Let us add a 'typical usage' section to man pages. In this 'typical usage'
section, we will put the command lines for most typical usage and their
short explanations in it. A search engine may help us judge which usage
is the 'most typical usage'.
Any comments?
| |
| Howard S Shubs 2006-02-26, 10:17 am |
| In article <dtlvfl$jj9$1@news.cn99.com>,
"A. Z. Rick" <azrick2@gmail.com> wrote:
> Any comments?
So, you want to make MAN pages even longer?
--
We are the music makers, And we are the dreamers of dreams,
Wandering by lone sea-breakers, And sitting by desolate streams.
from "Ode", Arthur O'Shaughnessy
| |
| Jordan Abel 2006-02-26, 10:17 am |
| On 2006-02-24, Howard S Shubs <howard@shubs.net> wrote:
> In article <dtlvfl$jj9$1@news.cn99.com>,
> "A. Z. Rick" <azrick2@gmail.com> wrote:
>
>
> So, you want to make MAN pages even longer?

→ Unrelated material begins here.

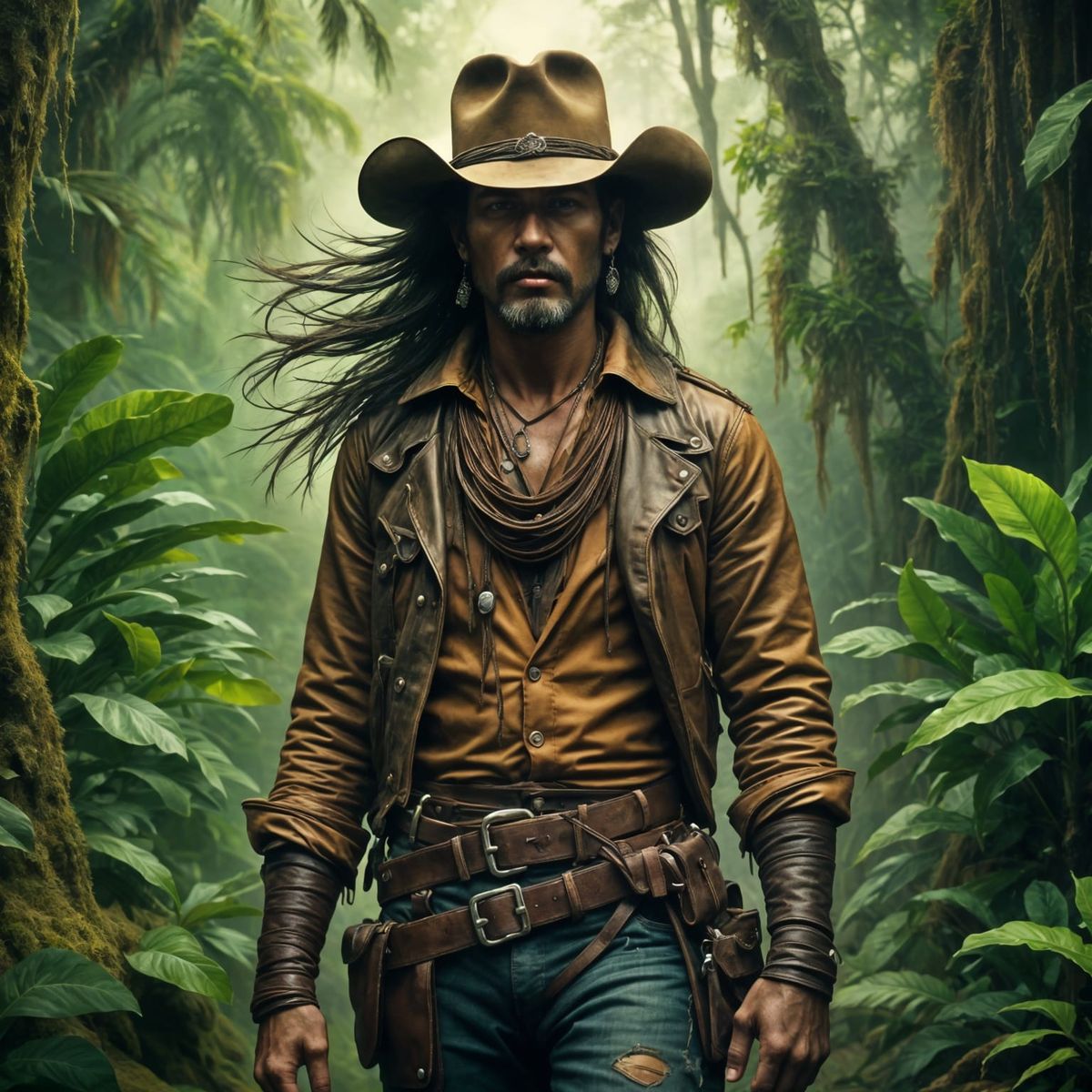 This image shows a cinematic film still of a cowboy standing in a lush jungle environment, with a strong sense of atmosphere and dramatic lighting, reminiscent of a 35mm film shot with a vintage aesthetic.

Eh - for someone completely new, something along the lines of
TYPICAL USAGE
ls
list files in the current directory
ls -l
long-format listing
ls *.[ch]
list files ending .c and .h -- see also 'Pathname Expansion' in sh(1)
ls -d */
list only directories
ls -ad .*
list hidden files.
echo ejvyz
list the five lowercase letters that are not valid options to
the BSD version of ls.
would be nice.
| |
| Moe Trin 2006-02-26, 10:17 am |
| On Fri, 24 Feb 2006, in the Usenet newsgroup comp.unix.questions, in article
<dtlvfl$jj9$1@news.cn99.com>, A. Z. Rick wrote:
>The Manpages is the de facto standard way to get info about
>commands and other things. It often helps, but it also has some weak
>point. A typical man page can be long, more than 300 lines, and cover
>many aspects of the commands(or other things). But the user often
>need only the info to write a command line for typical usage.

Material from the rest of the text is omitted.